December 20, 2023

I didn’t need a lawyer when I started my startup. You probably don’t either

The vast majority of a startup's legal work can be completed in-house, even without a legal expert

David von Rosen

4 min read

David von Rosen, founder of Lottoland

It's normal for founders to cover a wide range of roles and functions in the early stages of building a startup. They recruit, pitch to investors, lead product development, plan marketing strategies and calculate finances.

So, why not cover the legal work too?

It might sound like a joke, but in my experience it can be one of the most effective strategies for bootstrapping a business end-to-end. 

Many founders put legal work in the "too hard basket", but while it may seem beyond their area of expertise, the vast majority of a startup's legal work can be completed in-house, even without a legal expert. 


Most of it can be researched online: everything from drafting employee contracts and IP patents, adhering to compliance and regulatory procedures, and much more.

By doing this legal groundwork themselves, founders aren’t going to be milked dry before their startup can get off the ground. It will also put you at an advantage when you step into the room with a lawyer.

It’s all about equipping the startup with a principled understanding of how to avoid legal pitfalls and understand their basic legal obligations.

Statistics show that 90% of startups fail, and legal issues can sometimes be a catalyst for problems.

And while taking on this legal work may soak up time and energy, it means you can commit investment to other vital aspects of the business, such as product development and building a team. 

As you grow, you can share the workload: an HR manager for recruitment, a head of marketing to manage the brand and generate leads, a CTO to ensure a robust technology infrastructure. But hiring legal expertise should be one of the last on the list.

If, and when, you do need to bring onboard legal expertise, founders should look at working with a boutique agency. 

I know from experience that these smaller law firms are far more attentive than the bigger players, which are costly and often treat startups as tier-three customers.

Most boutique firms specialise within a singular sector, providing the startup with a greater quality of service and a closer relationship that makes collaborating with the agency easier.

Statistics show that 90% of startups fail, and legal issues can sometimes be a catalyst for problems. But despite the seemingly daunting idea, shouldering legal responsibilities can get founders out of trouble.

How we did it

When we founded Lottoland, a platform which allows customers in 15 countries to enter lotteries from all over the world, we encountered a significant challenge during its pre-launch in 2012.


We needed to obtain a gambling licence, but we were quoted a six-figure sum for the legal application.

Of course, as a startup, this was far beyond our reach.

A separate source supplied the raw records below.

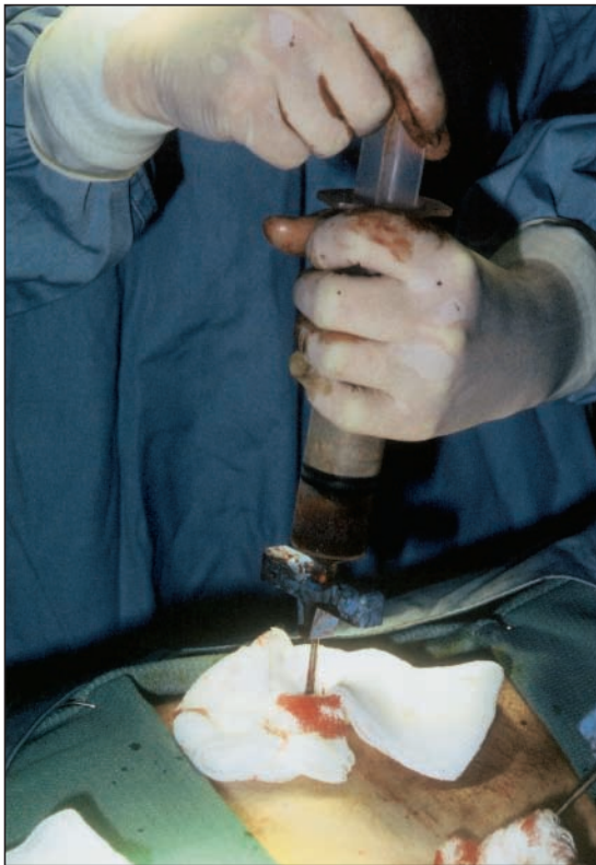
Fig. 1: Collection of stem cells by direct aspiration from bone marrow, with the donor under general anesthetic.

The actual transplantation of the cells is a simple process involving intravenous infusion of a liquid stem cell product through a large-bore central venous catheter over 1 to 2 hours. The stem cells are then able to travel or “home” to the bone marrow cavity to re-establish hematopoiesis over the next 2 weeks. 12 It is the care of the patient after transplantation that can present much more of a challenge to the multidisciplinary care team, especially in the setting of allogeneic transplant. In this article we aim to familiarize primary care practitioners with some of the basics of allogeneic and autologous transplantation, as well as issues relevant to the care of transplant recipients over the short and the long term.
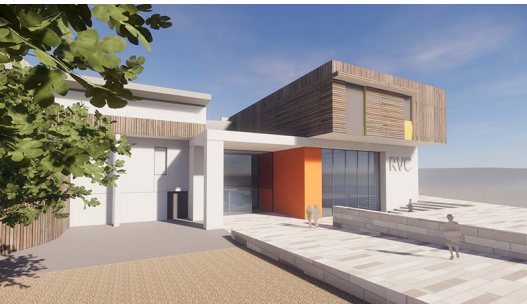
Artist's impression of the entrance to the Hub

The Hertfordshire Local Enterprise Partnership (LEP) has recently awarded LBIC's parent company, the Royal Veterinary College (RVC), a £7 million grant from the Single Local Growth Fund to support the creation of a state-of-the-art Veterinary Vaccinology and Cell Therapy Hub on its Hawkshead campus.
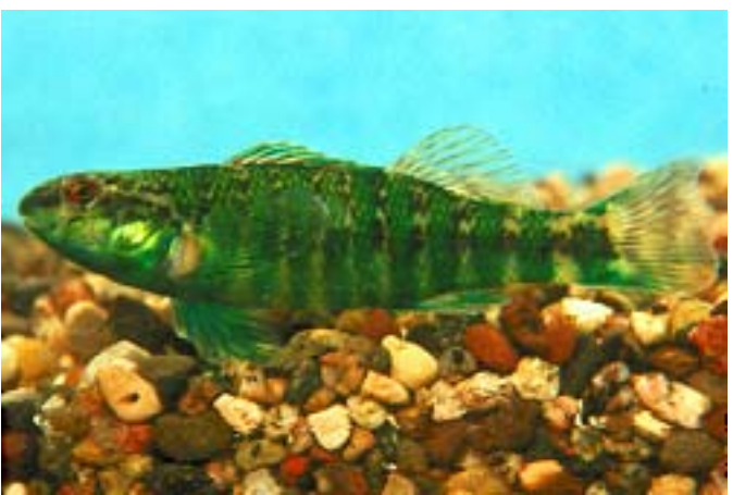
Figure 37. Banded Darter.
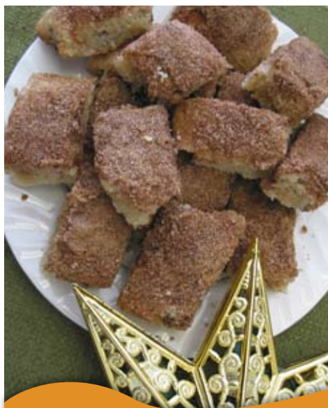
Easy Mandel Bread Cookie
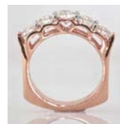
Ultima Band 18k Pink Gold 1.50 cttw
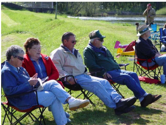
there was plenty to watch when not flying

Flight Line is published monthly by SkyKnights for its members. Articles, letters and ideas for publication should be sent to the editor at 3925 S.E. 136 th , Portland, OR 97236 no later than the first Monday of the month of publication. Feel free to call in information at 503-761-3109 or email to dalemcdonald@comcast.net
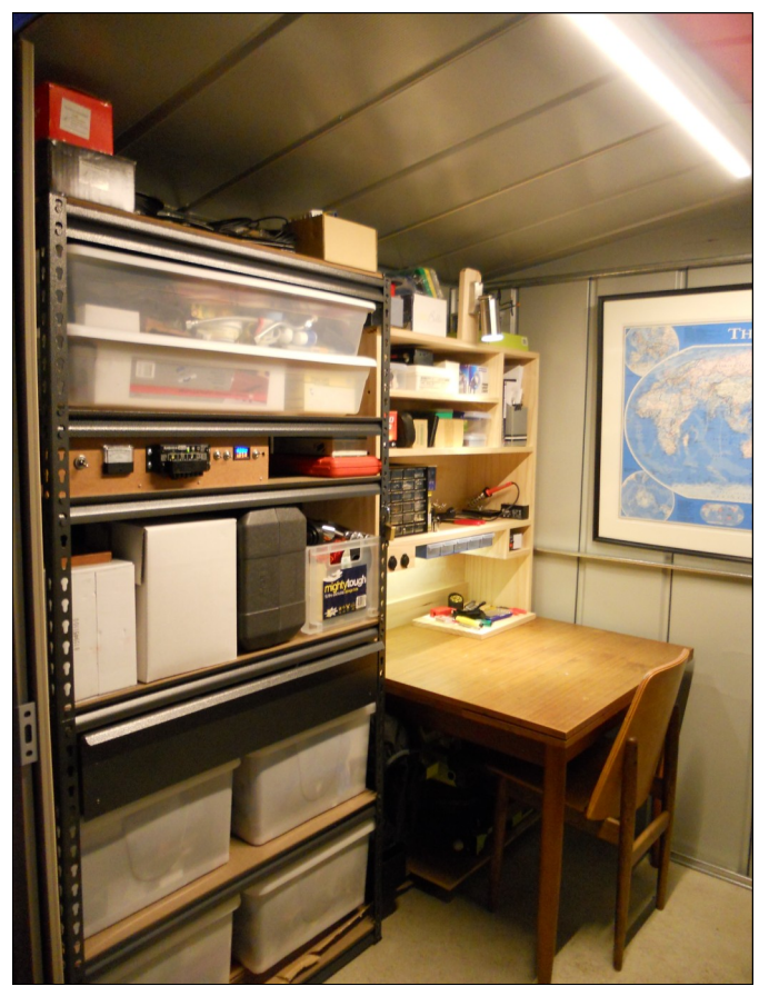
The completed shelf and solar powered shed. This photo was taken at night and shows how effective the lighting was.

If you're facing a similar situation to what I had, I would encourage you to try solar power and make your own custom-built shelving.
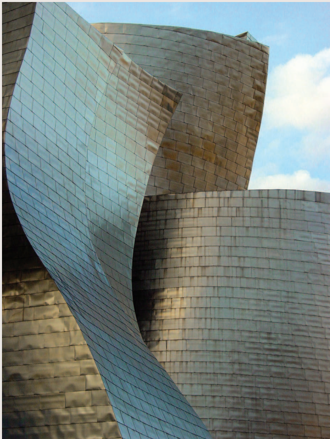
Figure 4: Interlocked cladding systems will be more difficult to merge at a junction.

A second more difficult option involving a lot more work is to remove some of the existing bricks to allow the new bricks to be seamlessly integrated into the bond pattern. The integration will be more seamless where an exact colour match is possible. ◀
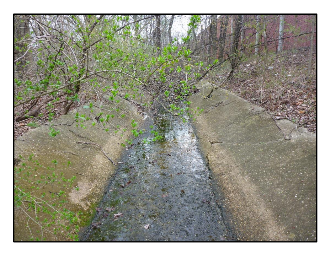
Waters 2I – Intermittent
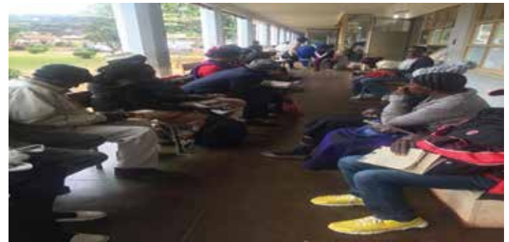
Long queues at one of Zim public health institutions: Image by Charles Kautare

The government is challenged to leverage on the vast mineral resources the country has to ensure accountability and channel the proceeds towards public health delivery.
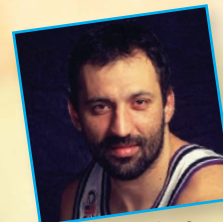
Vlade Divac NBA Hall-of-Famer
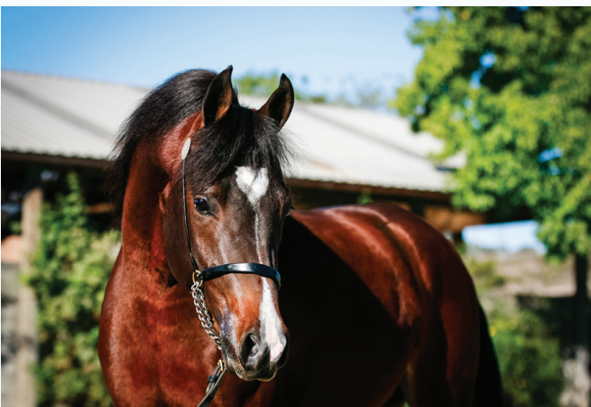
EVIE TUBBS SWEENEY
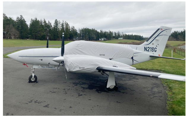
Cessna 421C Canopy & Engine Covers
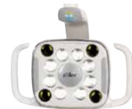
A-dec 500 LED

But we couldn’t launch the business without the licence, so we needed a solution. 

In a last throw of the dice, I flew out to meet the lawyer. We had a nice dinner together, got to know each other and agreed that we’d work as hard and as much as possible to make the process easier and less time-consuming for him and his team.

I spent hours, days and weeks filling out forms, researching international compliance and looking into anything that could come between Lottoland and our license.

The result? We secured a fee one-quarter of the initial quote.

We also cut the expected length of the process from six months to two. We were able to launch — and start bringing in income — four months earlier than anticipated. 

We built up an accord and level of goodwill that has kept the relationship with the firm going for over 10 years.

As a token of our appreciation, we ended up paying the firm 150% of the agreed sum. It was only fair.

I can honestly say that this early experience was make or break for the business. If startups hope to gain an advantage in the current landscape where competition, rules and regulations are much tougher than they were before, they need to take the same approach.

So, to reiterate, here are the three landmark pieces of advice I’d give:

  1. Do the legal groundwork yourself to ensure you’re not managing your startup blind, you’re well-represented when the time to speak with a lawyer comes and you’re keeping costs low to hit profitability sooner.
  2. Always work with a boutique agency over a larger law firm. You’ll save a lot of money, and you’ll develop a much stronger relationship that will stand the test of time.
  3. Leverage your ambition for the business to ask for a startup discount. It always works.

Launching a startup is hard. Undertaking legal work is much harder. But ten years down the line, when you’ve avoided costly legal pitfalls, secured your intellectual property and navigated regulatory landscapes successfully, you'll look back and realise investing the extra time and effort was worth it.

David von Rosen

David von Rosen is founder of international lottery platform Lottoland.